Only certain lines below are wanted: those starting at the line containing "吊り下げ収納二段ハンガーのバ" and ending at the line containing "La tensión se", both included, each retyped exactly.

■ THE INPUT ■
|---|
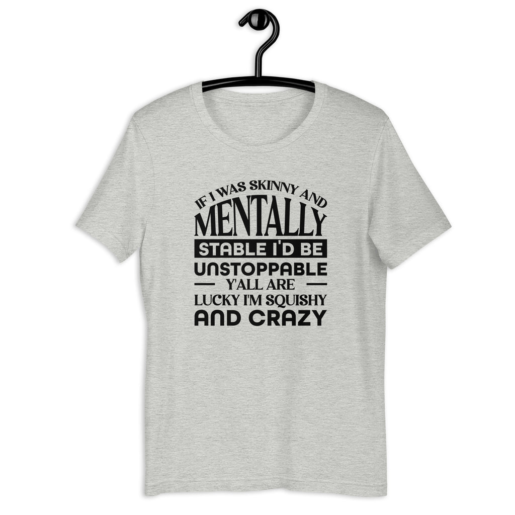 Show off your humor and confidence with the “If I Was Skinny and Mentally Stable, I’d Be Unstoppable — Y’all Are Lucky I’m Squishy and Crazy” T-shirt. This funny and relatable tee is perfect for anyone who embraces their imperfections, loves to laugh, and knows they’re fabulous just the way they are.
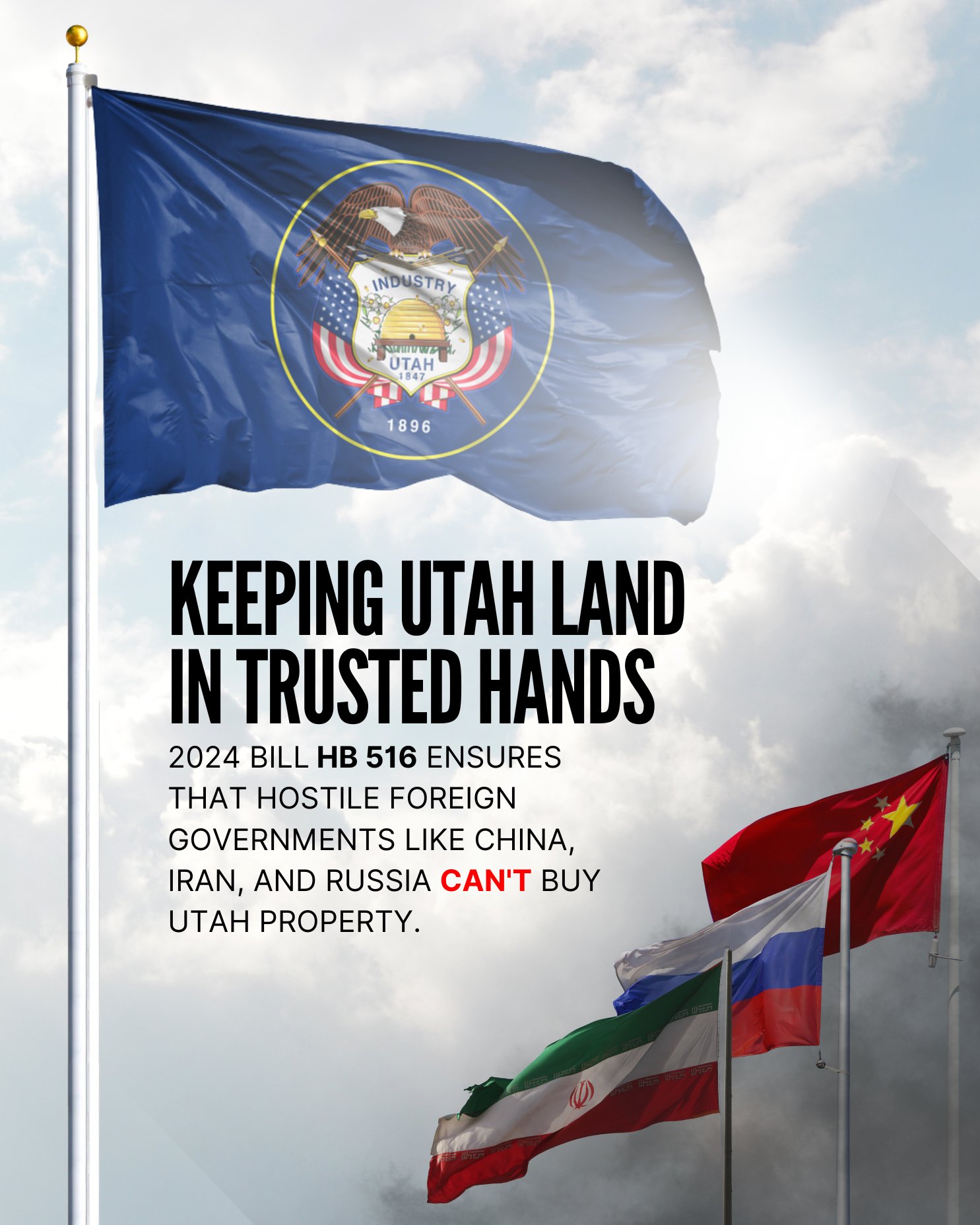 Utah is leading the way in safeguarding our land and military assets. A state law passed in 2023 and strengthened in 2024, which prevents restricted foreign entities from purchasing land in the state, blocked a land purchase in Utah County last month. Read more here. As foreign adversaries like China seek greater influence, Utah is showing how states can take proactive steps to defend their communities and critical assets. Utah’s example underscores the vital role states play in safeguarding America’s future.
|---|
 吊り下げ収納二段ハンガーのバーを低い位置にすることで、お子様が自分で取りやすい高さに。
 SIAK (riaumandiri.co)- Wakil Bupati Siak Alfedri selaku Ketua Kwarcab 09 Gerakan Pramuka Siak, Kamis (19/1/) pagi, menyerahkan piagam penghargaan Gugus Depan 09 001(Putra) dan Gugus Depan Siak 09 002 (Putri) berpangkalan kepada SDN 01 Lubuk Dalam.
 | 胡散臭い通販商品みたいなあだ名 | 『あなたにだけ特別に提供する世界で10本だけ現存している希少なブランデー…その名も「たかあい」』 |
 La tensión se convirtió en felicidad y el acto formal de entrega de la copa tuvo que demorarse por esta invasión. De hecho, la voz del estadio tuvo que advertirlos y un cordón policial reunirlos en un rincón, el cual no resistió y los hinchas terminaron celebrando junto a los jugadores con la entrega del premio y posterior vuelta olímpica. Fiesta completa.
|---|
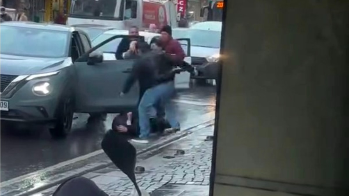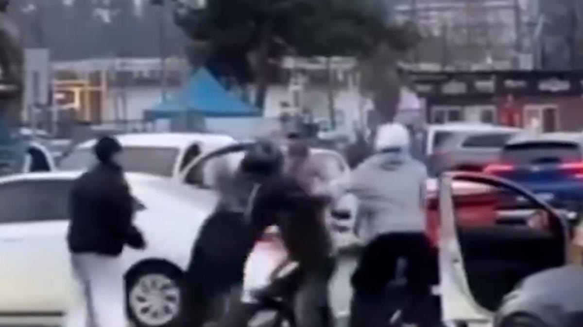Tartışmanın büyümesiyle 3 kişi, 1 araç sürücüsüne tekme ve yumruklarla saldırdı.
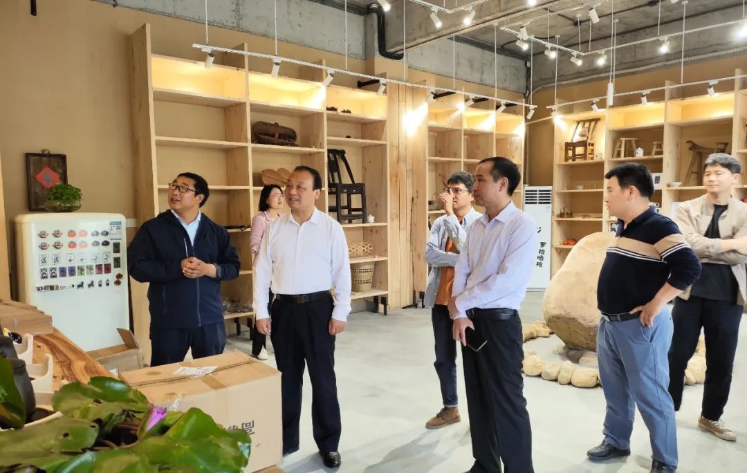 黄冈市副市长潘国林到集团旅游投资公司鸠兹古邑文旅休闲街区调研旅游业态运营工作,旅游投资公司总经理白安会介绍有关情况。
|---|
■ EXERCISE RESULT ■
 吊り下げ収納二段ハンガーのバーを低い位置にすることで、お子様が自分で取りやすい高さに。
 SIAK (riaumandiri.co)- Wakil Bupati Siak Alfedri selaku Ketua Kwarcab 09 Gerakan Pramuka Siak, Kamis (19/1/) pagi, menyerahkan piagam penghargaan Gugus Depan 09 001(Putra) dan Gugus Depan Siak 09 002 (Putri) berpangkalan kepada SDN 01 Lubuk Dalam.
 | 胡散臭い通販商品みたいなあだ名 | 『あなたにだけ特別に提供する世界で10本だけ現存している希少なブランデー…その名も「たかあい」』 |
 La tensión se convirtió en felicidad y el acto formal de entrega de la copa tuvo que demorarse por esta invasión. De hecho, la voz del estadio tuvo que advertirlos y un cordón policial reunirlos en un rincón, el cual no resistió y los hinchas terminaron celebrando junto a los jugadores con la entrega del premio y posterior vuelta olímpica. Fiesta completa.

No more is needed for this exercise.